Claudia, grieving like anyone would.
Anyone normal.
Push it away, Kowalski. Look for tools at hand; obsess over this shit later. It’s what you’re good at, remember? Push everything away.
He opened the medicine cabinet. He found what he needed in three seconds. His eyes checked the label. Yeah, it was the kind he needed. The kind that wouldn’t snap halfway through. Claudia came back to see what was taking so long, why there weren’t a thousand flashing lights and sirens outside her house because her husband, Christ in heaven, her husband’s brain had exploded inside his skull, and the entire fucking world should be racing to the scene to help, to figure out what went wrong. That’s what Kowal-ski would expect her to be thinking anyway.
“What are you doing in there?”
He grabbed the plastic box of dental floss, flicked the top open.

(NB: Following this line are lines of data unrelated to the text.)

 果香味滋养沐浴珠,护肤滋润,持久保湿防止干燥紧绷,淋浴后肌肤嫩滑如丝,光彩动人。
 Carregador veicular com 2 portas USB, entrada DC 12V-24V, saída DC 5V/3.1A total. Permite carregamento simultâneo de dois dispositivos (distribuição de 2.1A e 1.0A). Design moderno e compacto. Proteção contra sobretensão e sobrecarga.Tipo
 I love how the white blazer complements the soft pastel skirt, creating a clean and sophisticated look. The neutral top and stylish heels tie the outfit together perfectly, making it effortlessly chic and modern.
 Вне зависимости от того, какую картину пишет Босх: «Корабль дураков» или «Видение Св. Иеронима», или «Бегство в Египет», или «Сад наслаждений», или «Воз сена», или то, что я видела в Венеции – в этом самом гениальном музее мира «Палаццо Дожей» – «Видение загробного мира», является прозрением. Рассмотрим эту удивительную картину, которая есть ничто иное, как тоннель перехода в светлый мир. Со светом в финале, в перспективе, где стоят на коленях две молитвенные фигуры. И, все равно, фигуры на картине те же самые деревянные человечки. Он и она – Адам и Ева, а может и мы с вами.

The best operations supplied their own tools.
“There’s something you need to see, Mrs. Hunter.”
12:25 a.m.
Sheraton, Room 702
They sat on the couch in the upper level of the room, three steps up from the bedroom pit. It was a soft couch, decorated in a bland pattern of light tans and browns. Look at it too long and you’d fall asleep. That was the point, in a hotel like this. Spend most of your time unconscious. Then pay us and head back home. Jack sat on one end, while Kelly sat on the other. She removed her shoes and put her bare feet up on the couch, mere inches away from Jack.

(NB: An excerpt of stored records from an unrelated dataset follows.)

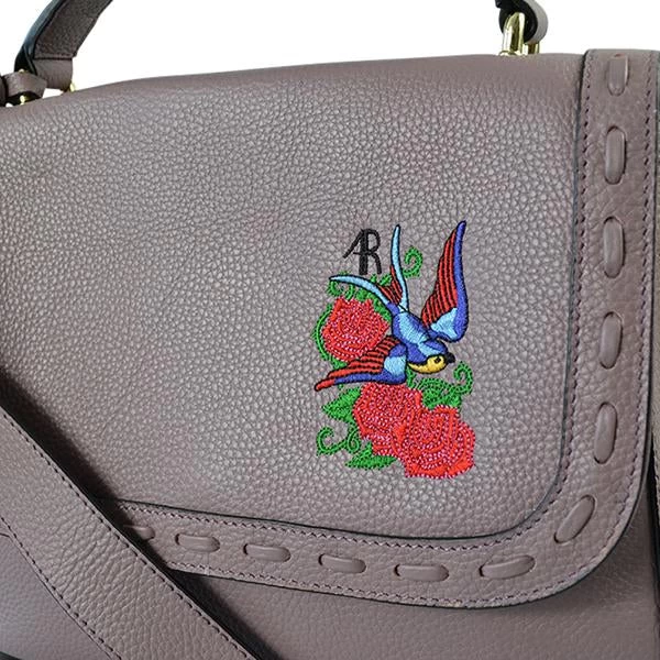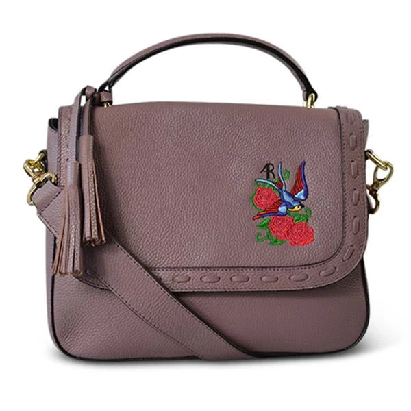 Luxe pebbled leather structured bag in lilac with signature Addison Road embroidery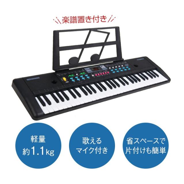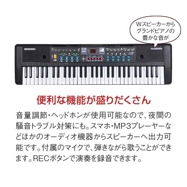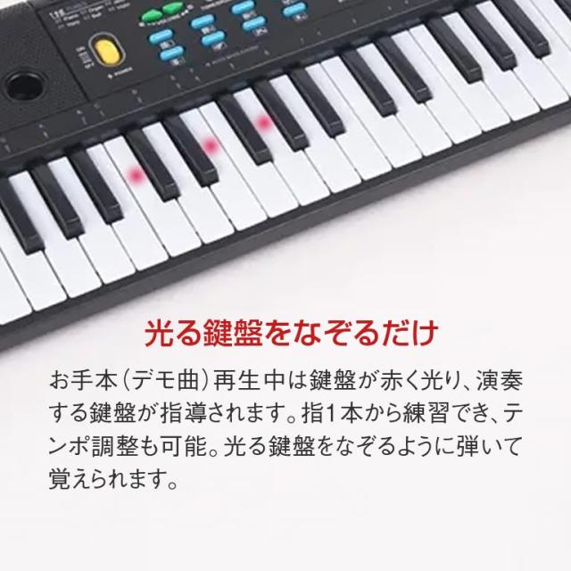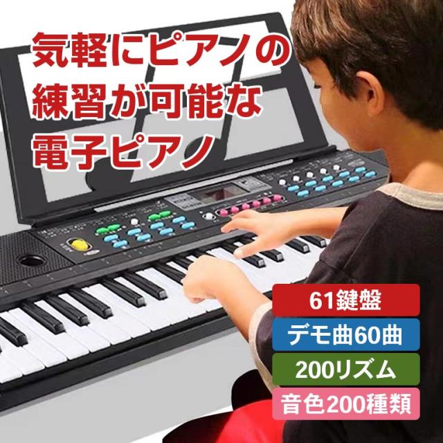 ガイド機能付 電子ピアノ 楽器 ピアノ キーボード 光る 鍵盤 ガイド 61鍵盤 デモ60曲 200リズム 音色200 テンポ調整 楽譜置き マイク付き 脳トレ シニア 年配 お子様 子ども キッズ 入門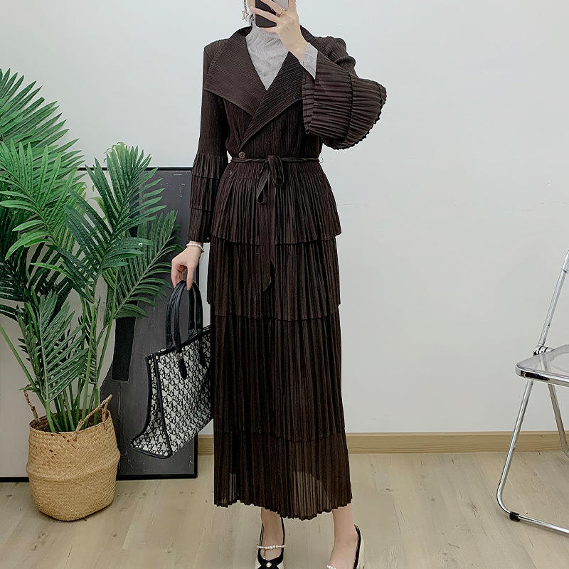 เดรสอัดพลีตยาวของผู้หญิงชุดเดรสผู้หญิงคอปกลูกไม้ขึ้นแขนยาวแบบอินเดียปากีสถานชุดเดรสลำลองสุดหรูขายส่งจากโรงงาน

“Okay, let’s get to it. First, I have to tell you why I selected you.”
“So this wasn’t random.”
“Hardly. Had you picked out on the plane from Houston. I was sitting two rows behind. I can’t blame you for not noticing me. You walked to the bathroom in the rear of the place only once, but the plane was rocking a bit. You fought hard to keep your balance. Remember?”

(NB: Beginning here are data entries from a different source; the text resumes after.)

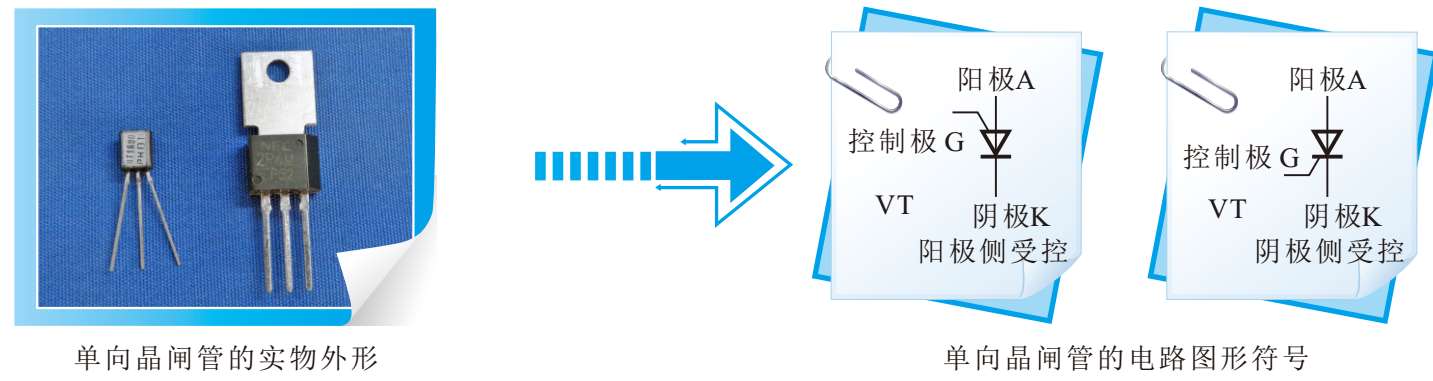 图1-41 单向晶闸管与电路图形符号对照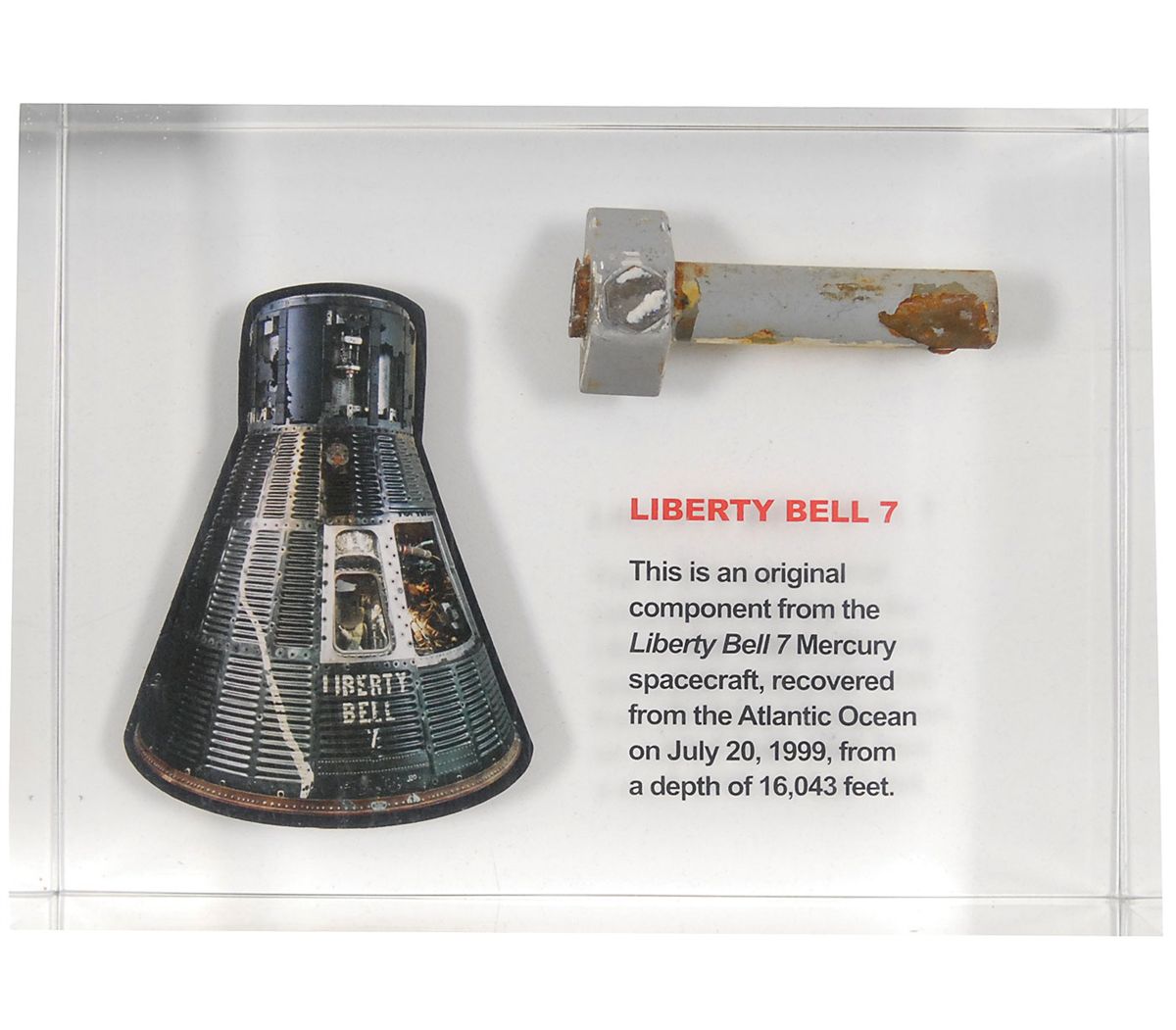 Flown bolt from Gus Grissom’s Liberty Bell 7, recovered from the Atlantic Ocean on July 20, 1999. Slightly corroded bolt measures approximately 2.5? in length and is presented along with an image of the spacecraft, as well as printed information about the recovery inside an acrylic display which measures 7 x 5 x 2.75. Accompanied by its original box and certificate of authenticity from the Kansas Cosmosphere, which restored the capsule after its recovery.
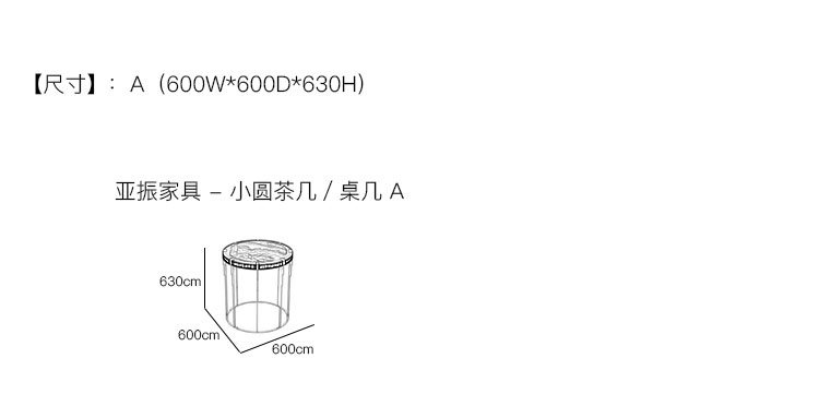 亚振家具 - 小圆茶几 产品尺寸/示意图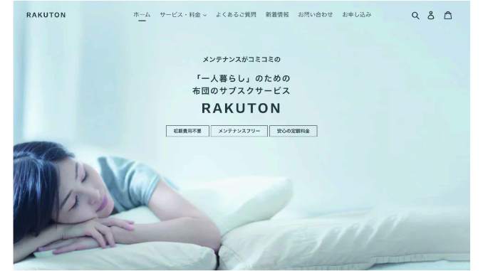 RAKUTONは、月額制で布団をレンタルできるサブスクサービス。布団の購入費用や管理の手間を省きつつ、常に清潔な寝具で快適に眠れることが特徴です。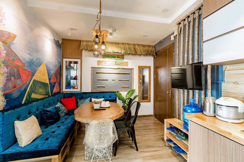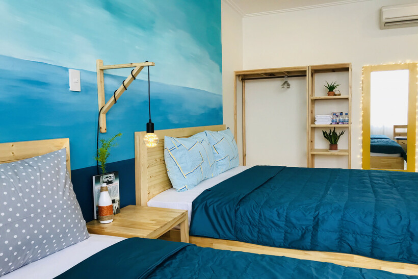 Homestay được thiết kế rất lung linh theo chủ đề biển, với hai tông màu xanh dương và trắng chiếm trọn spotlight. Điểm nhấn của Vitamin Sea có lẽ còn nằm ở hình ảnh mái chèo, con thuyền cũng những đàn cá đang thỏa sức “tung tăng bơi lội” ngay trên những bức tường ở nơi đây.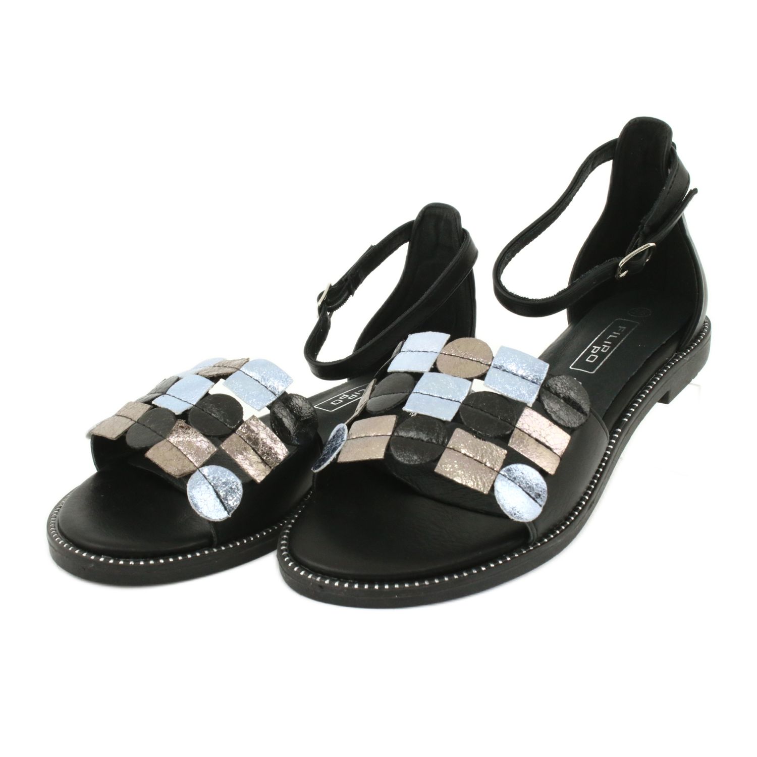 Découvrez des sandales uniques Filippo DS1286/20 MLT avec insert en cuir dans des tons tendance de noir, gris et jaune, qui seront le complément parfait au style estival de chaque femme. Ces sandales sont fabriquées dans un matériau synthétique moderne, ce qui garantit non seulement la durabilité mais aussi une apparence attrayante.

It was true. Jack damn near sprayed his own pants in the rest room, with all the turbulence.
“I heard you talking to the guy in the next seat. He was a lawyer, and you told him you were a journalist. Were you telling the truth?”
“Yeah, I’m a reporter. I work for a weekly newspaper in Chicago. You know, if this is about a story pitch, you could have explained this to me. We could have set up interviews on tape, on the record. I could have helped you, whatever kind of trouble you’re in. Why did you do all of this?”
“Because without you, I’d be dead.”
“Oh.”
Jack paused.
“What does that mean}”
“I mean that literally. If I don’t have someone within ten feet of me at all times, I’ll die.”
12:28 a.m.
Basement, Edison Avenue
Tool time. Kowalski found oversized Glad freezer bags in a kitchen drawer; the Hunters liked to freeze large slabs of meat. Inside their 20.3-cubic-foot Frigidaire freezer chest, he founds whole chickens, legs of lamb, pork chops, flank steaks, you name it. They probably belonged to a warehouse shoppers’ club. Kowalski wondered if Katie would have tried to talk him into something like that—something that went against his longtime ethos of spare, frugal living. Then again, with a baby on the way, it would have been different. Hard to scrounge a diaper at the last minute. You needed stacks of those on hand. Or so he’d heard.
Stop that shit. Get the head, get out.
The freezer bags were the perfect size for a human head.
Down in the basement, Kowalski had his pick of gym bags in a cedar closet. He chose the blandest and sturdiest: a small Adidas Diablo duffel with an easy-access U-shaped opening at the top.